Write out again, word for word, the lines below from the line that holds "倉(10画)内(4画) 旺(8画)志(7画)朗(11画)" through the line that holds "해피파티 라운드 3단 꽃 풍선 1세트 옐로우", omitting pictures.

[Stored entries]
********

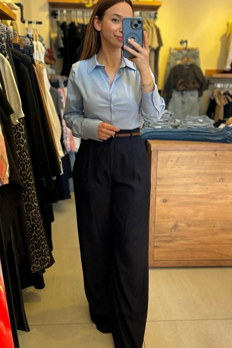 Laci palazzo pantolon. Dökümlü kumaş, beli pensli, önde pile detaylı.
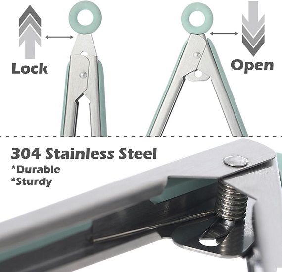 "Kickstand" on the side doesn’t let the utensils touch the counter which is great for when it’s dirty. Lock feature keeps your cooking tongs from opening and closing accidentally, you've got total control.
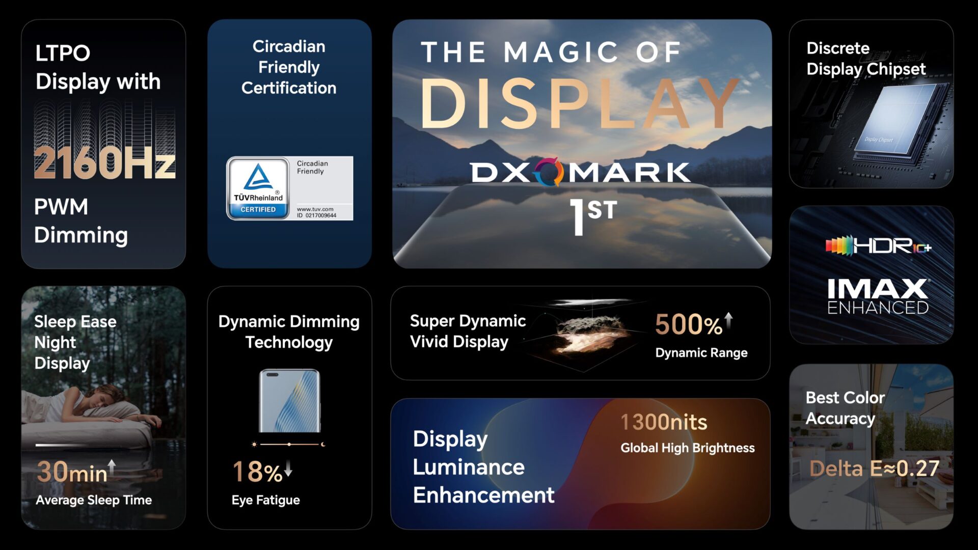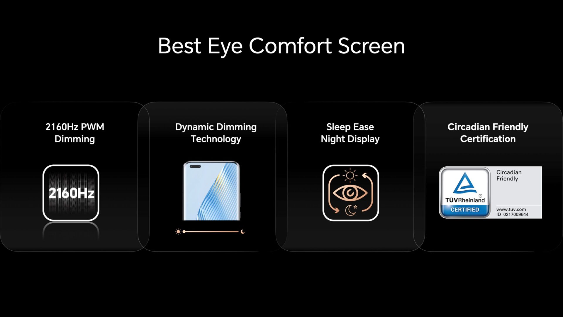 HONOR Magic5 Pro zmanjšuje obremenitev oči uporabnika in se ponaša z nizko emisijo modre svetlobe, kar je potrdil TÜV Rheinland​, in dinamično zatemnitvijo, ki simulira naravno svetlobo za zmanjšanje utrujenosti oči. Druge inovativne funkcije za udobje oči vključujejo cirkadiani nočni zaslon za boljšo kakovost spanja in prvi zaslon LTPO v industriji s tehnologijo zatemnitve 2160Hz Pulse Width Modulation (PWM) za zmanjšanje utripanja zaslona, ​​kot nalašč za vse, ki preživijo dolge ure pred svojim pametnim telefonom.
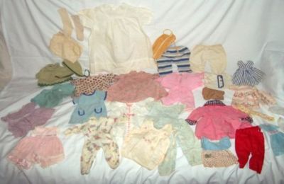 34pc Vintage Antique mixed Doll Clothes Lot old
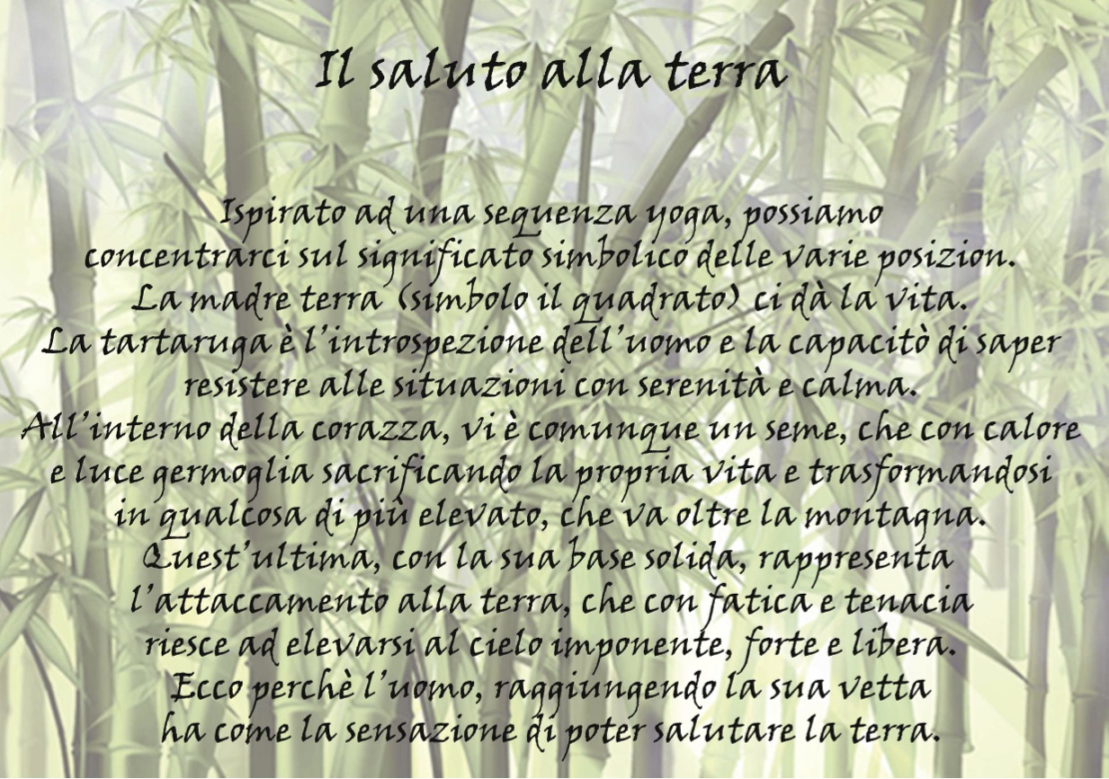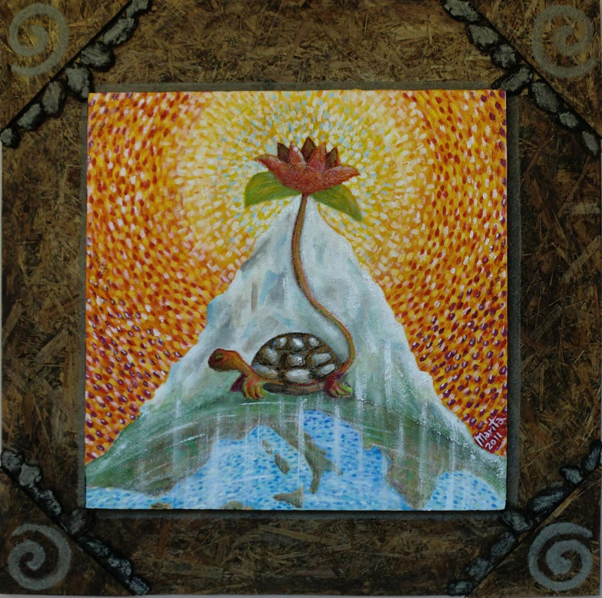 acrilico, tecnica mista, telaIspirato ad una sequenza yoga, possiamo concentrarci sul significato simbolico delle varie posizioni. La madre terra (simbolo il quadrato) ci dà la vita. La tartaruga è l'introspezione dell'uomo e la capacitò di saper resistere alle situazioni con serenità e calma. All'interno della corazza vi è comunque un seme, che con calore e luce germoglia, sacrificando la propria vita e trasformandosi in qualcosa di più elevato, che va oltre la montagna. Quest'ultima con la sua base solida rappresenta l'attaccamento alla terra, che con fatica e tenacia riesce ad elevarsi al cielo. Imponente, forte e libera. Ecco perché l'uomo, raggiungendo la sua vetta, ha come la sensazione di poter salutare la terra.
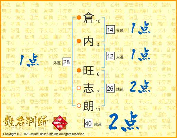 倉(10画)内(4画) 旺(8画)志(7画)朗(11画)
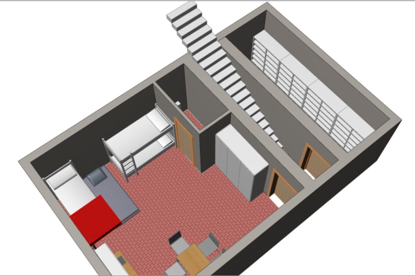 Сховище може вмістити 2-3 дорослих і 3 дітей. В бетонній конструкції буде два виходи, на випадок, якщо один заблокується. А також передбачене спеціальне місце для зберігання їжі та води, з розрахунку на 3-10 днів ізоляції.
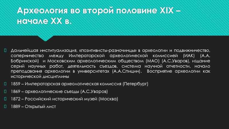(ИАК) (А.А.Бобринской) и Московским археологическим обществом (МАО) (А.С.Уваров), издание серий научных работ, деятельность съездов, система научной отчетности, начало преподавания археологии в университетах (А.А.Спицин). Восприятие археологии как исторической дисциплины
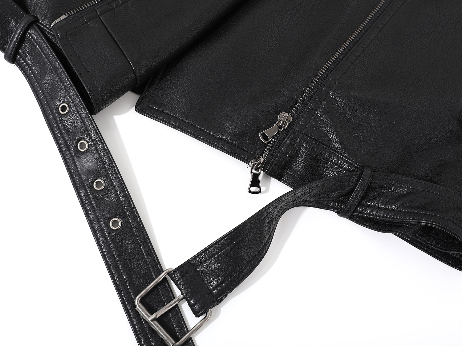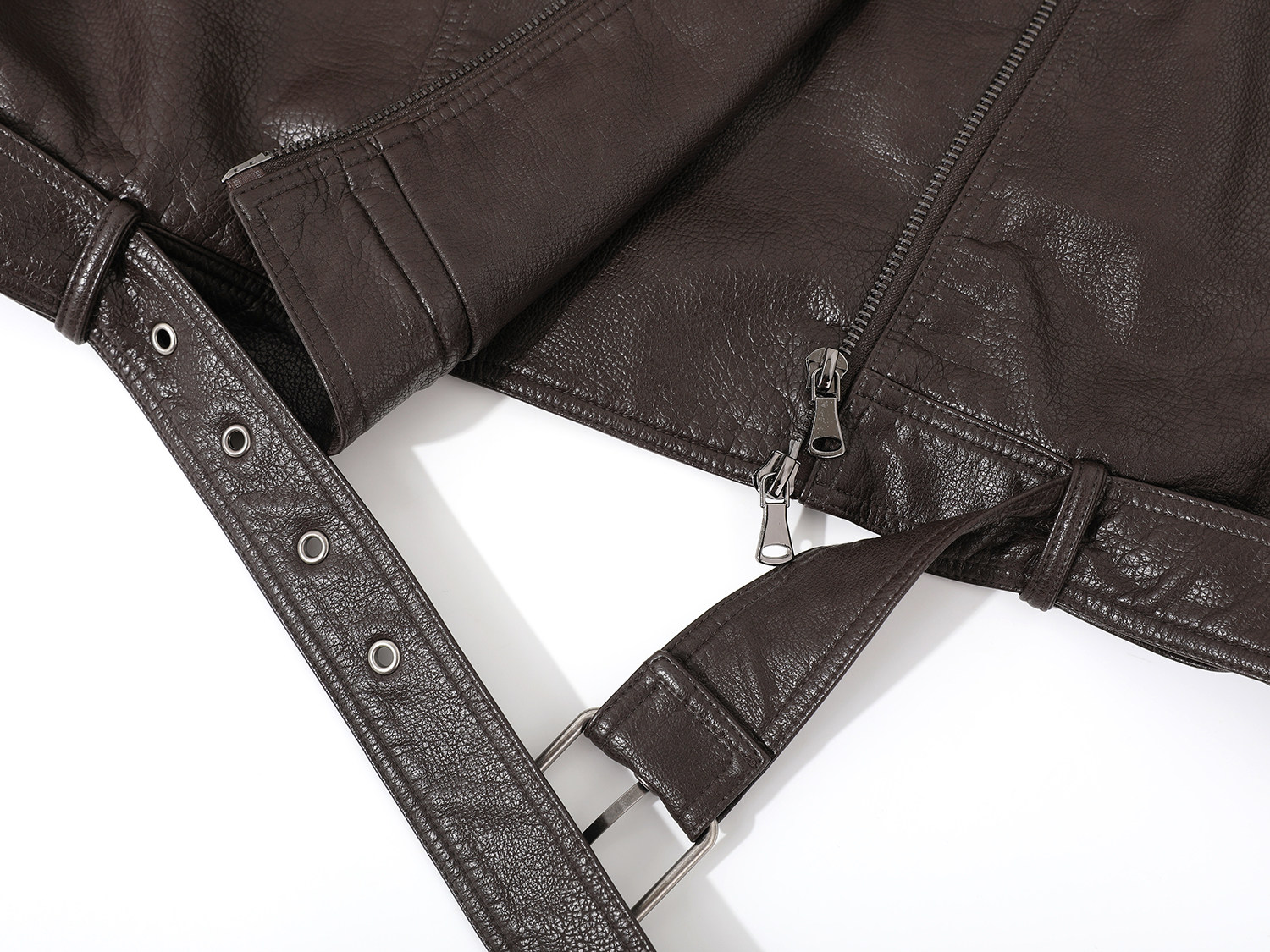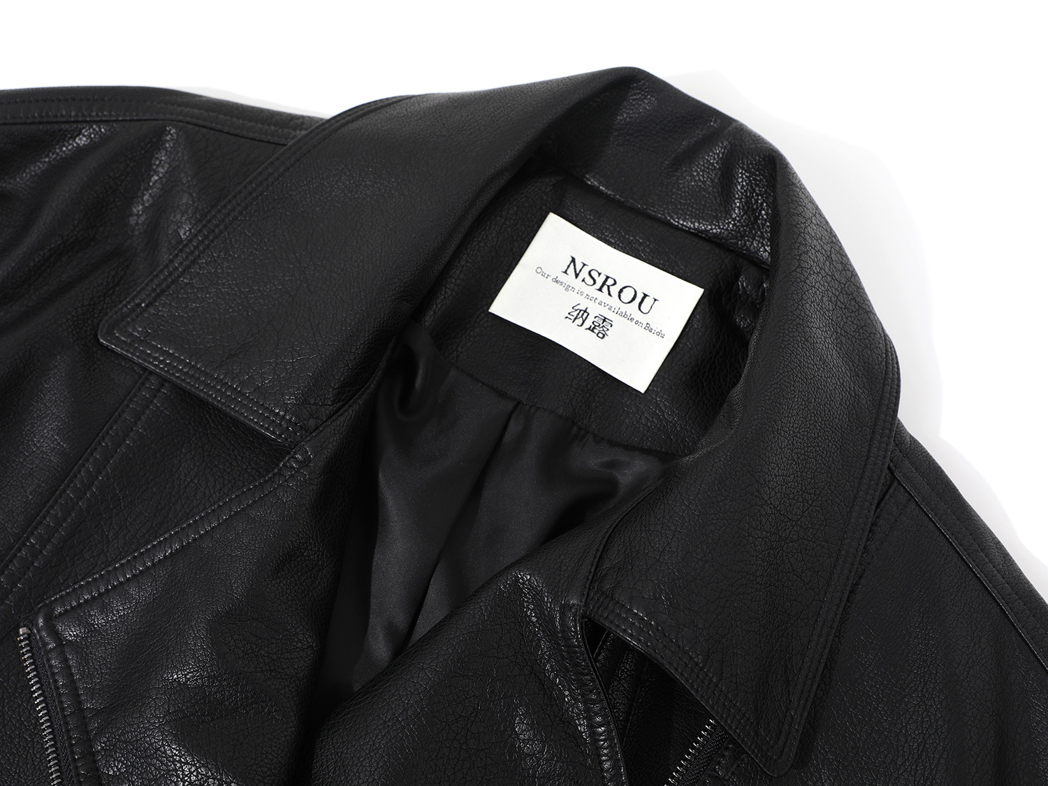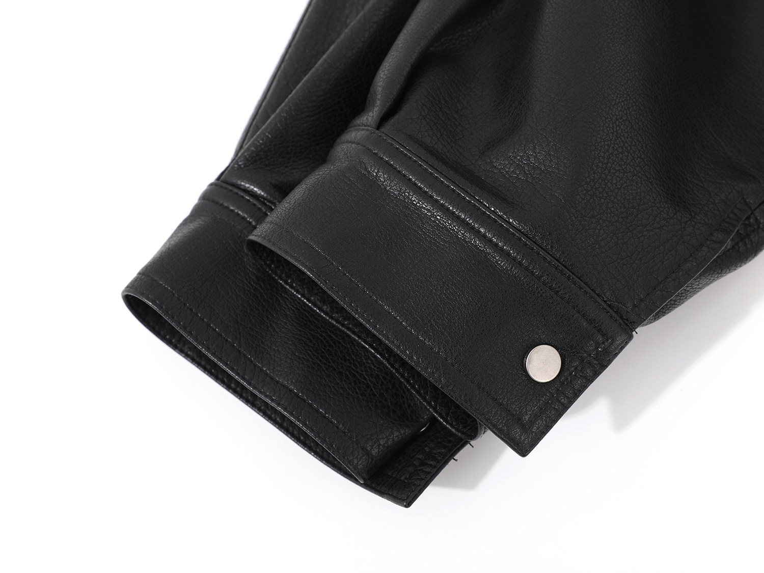 Vintage Melard Cool Style Lapel Leather Jacket for Women, Autumn American Short Loose Versatile Biker Jacket
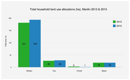 Changes in household land use allocation in Manlin village from 2013 to 2015, measured in ha. The category “Forest” refers to areas of forests without rubber or tea.
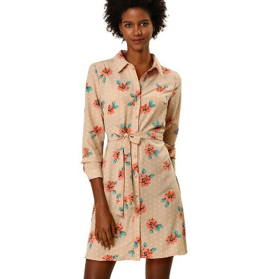 Allegra K Women's Boho Floral Elastic Waist Flowy Long Sleeves Midi Dress
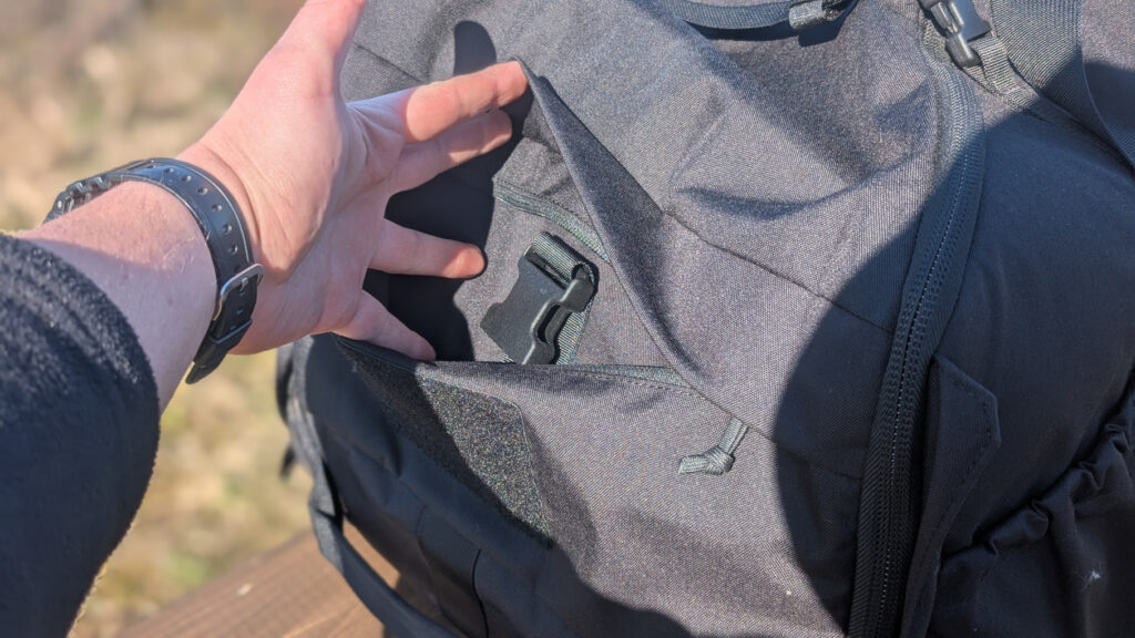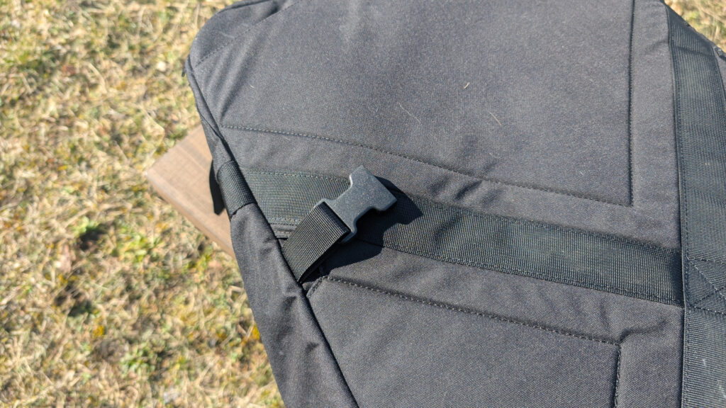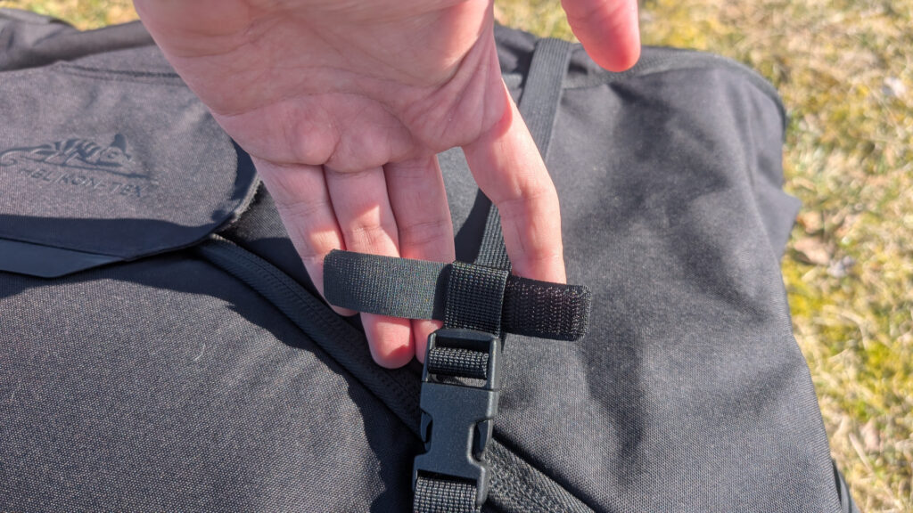 W tym samym miejscu umieszczono kieszenie mieszczące… klamry pasa naramiennego. Rozwiązanie dobre, ponieważ pas — kiedy nie jest potrzebny — może zostać odpięty i schowany do jednej z tych kieszeni. Chowają się również klamry, dzięki czemu nie dyndają i nie są narażone na uszkodzenie w trakcie transportu. No i po schowaniu pasa zyskujemy dwie dodatkowe kieszenie o nie takiej małej pojemności.
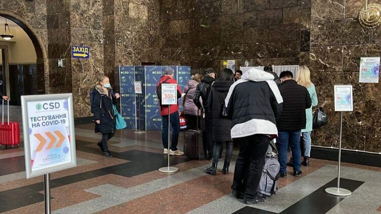 Сделать экспресс-тест на коронавирус можно прямо на вокзале. Фото: t.me/UkrzalInfo
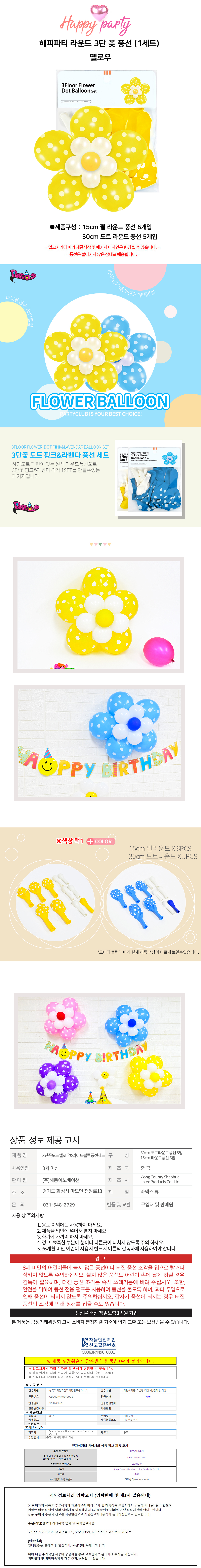 해피파티 라운드 3단 꽃 풍선 1세트 옐로우
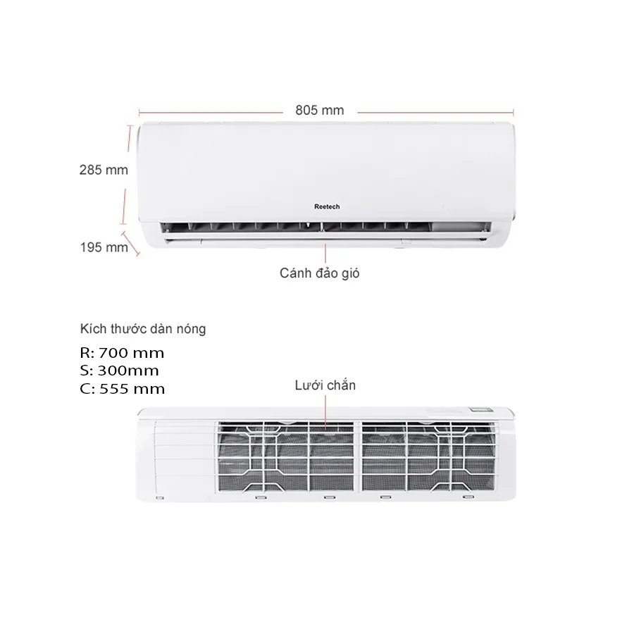 MÁY LẠNH REETECH 1.5 HP được thiết kế với kiểu dáng thanh nhã, gọn nhẹ phù hợp với mọi không gian sống.
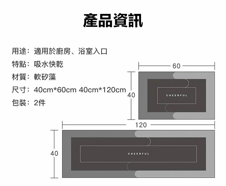 防油可擦免洗廚房浴室地墊
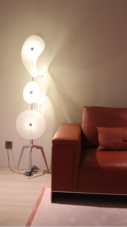 独特的灯杆设计,让光源自然下垂,光线柔和地洒落在沙发一角。当灯光漫射开来,没有刺眼的锋芒,只有如落日余晖般的温柔。它能把墙角、客厅、卧室的一隅,渲染成一幅会呼吸的画。
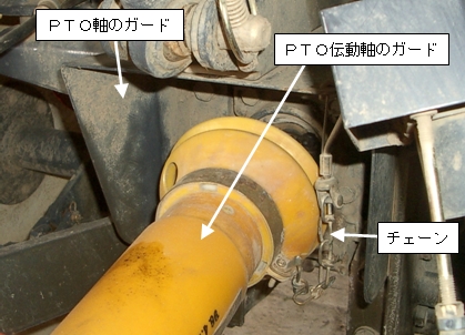 具体的にはPTO軸は、ガード(マスターシールド)などで作業者が不意に接触しないように防護し、PTO伝動軸は、自在継手部を含む全面をガードで防護するとともにガードには回り止め(チェーンなど)を設け、さらに、動力取入軸(PTO軸についても同様)は、軸等の一部が露出しないように、PTO伝動軸のガードとオーバーラップさせる構造にする必要があります。

********

=== RESPONSE FOR THIS EXERCISE ===
 倉(10画)内(4画) 旺(8画)志(7画)朗(11画)
 Сховище може вмістити 2-3 дорослих і 3 дітей. В бетонній конструкції буде два виходи, на випадок, якщо один заблокується. А також передбачене спеціальне місце для зберігання їжі та води, з розрахунку на 3-10 днів ізоляції.
(ИАК) (А.А.Бобринской) и Московским археологическим обществом (МАО) (А.С.Уваров), издание серий научных работ, деятельность съездов, система научной отчетности, начало преподавания археологии в университетах (А.А.Спицин). Восприятие археологии как исторической дисциплины
 Vintage Melard Cool Style Lapel Leather Jacket for Women, Autumn American Short Loose Versatile Biker Jacket
 Changes in household land use allocation in Manlin village from 2013 to 2015, measured in ha. The category “Forest” refers to areas of forests without rubber or tea.
 Allegra K Women's Boho Floral Elastic Waist Flowy Long Sleeves Midi Dress
 W tym samym miejscu umieszczono kieszenie mieszczące… klamry pasa naramiennego. Rozwiązanie dobre, ponieważ pas — kiedy nie jest potrzebny — może zostać odpięty i schowany do jednej z tych kieszeni. Chowają się również klamry, dzięki czemu nie dyndają i nie są narażone na uszkodzenie w trakcie transportu. No i po schowaniu pasa zyskujemy dwie dodatkowe kieszenie o nie takiej małej pojemności.
 Сделать экспресс-тест на коронавирус можно прямо на вокзале. Фото: t.me/UkrzalInfo
 해피파티 라운드 3단 꽃 풍선 1세트 옐로우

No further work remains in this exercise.